_PROBLEM TO SOLVE_: Restate the following data in its entirety, word for word and without images.
(SUPPLIED INFORMATION begins)
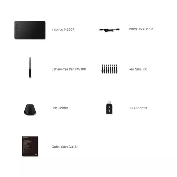 Inspiroy H950P - Android Supported, 8.7 x 5.4'', ±60° Tilt Support, 8192 Levels Pressure, Battery-free Pen, 8 Press Keys.
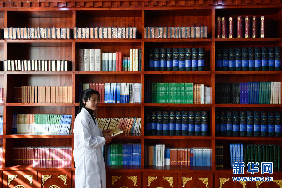 3月16日,在果洛藏族自治州職業(yè)技術(shù)學(xué)校,2020級(jí)藏醫(yī)醫(yī)療與藏藥專業(yè)學(xué)生德吉在借閱書(shū)籍。新華社記者 張龍 攝
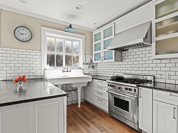 OPEN HOUSE SUNDAY, 5/5 12-2PM. This rare Manchester Colonial has everything: Built in 1890, gut renovated in 2021 to inspire the discerning buyer, and boasting a location at the center of it all. Become a local at Al Ducci's, a block away; dine and shop at Depot 62 moments down Depot Street. You'll come home to this charming Manchester residence with the finest of old-world details and modern luxuries alike. Chef's kitchen includes a farmhouse sink, SubZero refrigerator, walk-in pantry/cappuccino bar, and breakfast counter; the open concept dining area and private patio are lovely for entertaining. The living space flows from kitchen/dining area to the living room with fireplace to the enclosed three-season front porch. Also off the wraparound porch are a mudroom area and spacious laundry room, ready to welcome gardeners and outdoors enthusiasts. The second floor boasts the primary bedroom with en suite bathroom and two bedrooms that share a full, sunny bathroom. A peaceful third floor is configured with two bedrooms or office spaces and a 3/4 bath. In the backyard, a barn acts as a garage and storage space with an attached greenhouse area. Bring your creativity and turn this into an income-generating accessory dwelling unit (ADU), or rental unit. Equinox Mountain sunsets: they're yours, from the back lean-to. Updates include: soapstone kitchen counters, EV charger, new windows, glass shower doors, Ring doorbell, water softener. All measurements approximate.
(SUPPLIED INFORMATION ends)
_ANSWER TO THE EXERCISE_:
 Inspiroy H950P - Android Supported, 8.7 x 5.4'', ±60° Tilt Support, 8192 Levels Pressure, Battery-free Pen, 8 Press Keys.
 3月16日,在果洛藏族自治州職業(yè)技術(shù)學(xué)校,2020級(jí)藏醫(yī)醫(yī)療與藏藥專業(yè)學(xué)生德吉在借閱書(shū)籍。新華社記者 張龍 攝
 OPEN HOUSE SUNDAY, 5/5 12-2PM. This rare Manchester Colonial has everything: Built in 1890, gut renovated in 2021 to inspire the discerning buyer, and boasting a location at the center of it all. Become a local at Al Ducci's, a block away; dine and shop at Depot 62 moments down Depot Street. You'll come home to this charming Manchester residence with the finest of old-world details and modern luxuries alike. Chef's kitchen includes a farmhouse sink, SubZero refrigerator, walk-in pantry/cappuccino bar, and breakfast counter; the open concept dining area and private patio are lovely for entertaining. The living space flows from kitchen/dining area to the living room with fireplace to the enclosed three-season front porch. Also off the wraparound porch are a mudroom area and spacious laundry room, ready to welcome gardeners and outdoors enthusiasts. The second floor boasts the primary bedroom with en suite bathroom and two bedrooms that share a full, sunny bathroom. A peaceful third floor is configured with two bedrooms or office spaces and a 3/4 bath. In the backyard, a barn acts as a garage and storage space with an attached greenhouse area. Bring your creativity and turn this into an income-generating accessory dwelling unit (ADU), or rental unit. Equinox Mountain sunsets: they're yours, from the back lean-to. Updates include: soapstone kitchen counters, EV charger, new windows, glass shower doors, Ring doorbell, water softener. All measurements approximate.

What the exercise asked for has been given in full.